Click on the thumbnail graphic for the snowpack map by basins. There is an ugly red splat over the upper South Platte River.
Click here to download a copy. Here’s an excerpt:
January brought cold temperatures and little moisture to Colorado until the very last week when a significant snow storm hit most of the state. Areas near Steamboat Springs and Durango received upwards of 18 inches during the last week of the January, yet due to the dry start to the month, statewide snowpack ended up being only marginally better than the previous month. Increased snowpack percentages across southwestern Colorado were offset by significant decreases in the northeastern basins and all major basins remain below normal for this time of year. Consecutive months of below average snowpack accumulation are statistically decreasing the possibility of reaching normal conditions by April. Last year’s below average snowpack did not offer any buffer to our current situation. Currently, reservoir storage volumes across the state are at 69 percent of average and 66 percent of last year’s storage. The February 1 streamflow forecasts reflect the below average snowpack conditions throughout the state. The San Miguel, Animas, Dolores and San Juan basins are the only areas in the state where forecasts for April to July runoff volumes improved this month. Water users in all basins should start planning for below average surface water supplies this season. The potential for shortages this season is great.
Snowfall across Colorado was nearly nonexistent for most of January. During this time snowpack percentages were decreasing daily as the gap between current conditions and long-term normals widened. The situation began to improve during late January when storm systems brought much needed moisture to the state. The storms were not enough to tip the scales to normal, but they did help halt the downward slide. Statewide snowpack was at 72 percent of normal as of February 1. The basins that benefited the most from these storms were the basins in the southwest region of the state. The snowpack in the Upper Rio Grande basin increased from from 65 percent of normal on January 1 to 78 percent of normal on February 1. The combined San Miguel, Dolores, Animas and San Juan basins jumped 18 percentage points in January; from 70 percent of normal to 88 percent of normal on February 1. The Arkansas and Gunnison River basins each showed a nominal increase in snowpack percentage compared to last month. The remaining basins in the state showed an overall decline in the percent of normal from what was reported on January 1. The South Platte basin had the largest departure from last month’s report. The snowpack in this basin dropped 13 percentage points this past month, declining from 67 percent of normal on January 1 to just 54 percent of normal February 1.

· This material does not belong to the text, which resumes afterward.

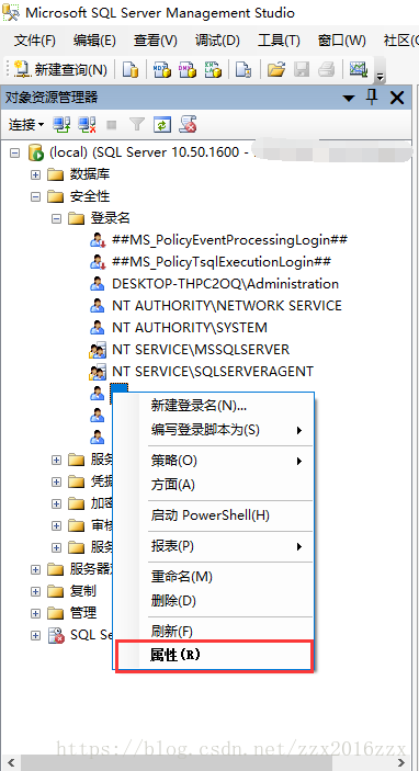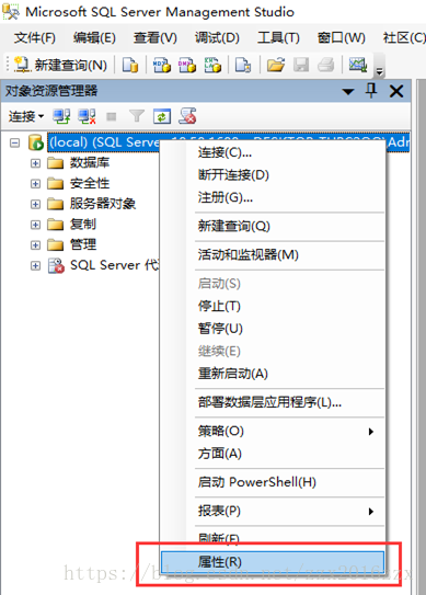 2、 修改服务器验证方式。在对象资源管理器中,右键单击服务器,点击“属性”。如下图所示:

Precipitation across the state during the month of January was 83 percent of average. Statewide totals were influenced by above average monthly totals recorded in the Upper Rio Grande and the combined basins of the San Miguel, San Juan, Dolores and Animas Rivers. During January the Upper Rio Grande basin received precipitation that was 107 percent of average for this time of year and precipitation in the southwest basins was 120 percent of average. The Gunnison basin came in at 90 percent of average for the month. The remaining basins received between 69 and 72 percent of average precipitation during January with the exception of the South Platte Basin. The South Platte basin recorded just 50 percent of the average precipitation for the month. Year to date precipitation for the state remains below average for this time of year; as of February 1 total precipitation was just 72 percent of average.
Due to last winter’s poor snowpack, reservoir storage volumes continue to track below average levels. At the end of January reservoirs within the state were storing 2,311,000 acre feet of water. At this same time in 2012, reservoirs in the state held 3,606,000 acre feet. Below average storage volumes were reported at the end of January in the Arkansas, Gunnison, Colorado, South Platte, Upper Rio Grande and the combined San Juan, Animas, Dolores, and San Miguel basins. The greatest departure from average was in the Upper Rio Grande basin which reported its reservoirs volumes at just 51 percent of average. The Yampa and White River basins reported reservoir storage to be 103 percent of average and 85 percent of last year’s storage. The storage in the Yampa and White basins may currently be above average, but these basins have the smallest reservoir capacity in the state.
Streamflow forecasts across the state reflect the below normal snowpack conditions measured on February 1. Forecasts for all points across Colorado are calling for below normal seasonal streamflow volumes this spring and summer. The lowest forecasts, as a percent of normal, occur in the Arkansas and South Platte basins. Forecasts in these basins are less than 65 percent of normal and as low as 45 percent of normal for the April to July time period. Forecasts for the Colorado, Gunnison, and Yampa and White basins have declined from those issued last month; expected streamflow volumes in these basins generally range from 50 to 70 percent of normal. As a result of the large snowfall amounts received in January, current runoff forecasts in the Upper Rio Grande and the combined San Juan, Animas, Dolores and San Miguel basins have improved somewhat from last month’s predictions. It is important to note that at this point in the season the mountains have typically accumulated 60 percent of their annual snowpack in Colorado. The potential for recovering to normal conditions at this point in the season is not promising, but it is possible if we see exemplary spring conditions.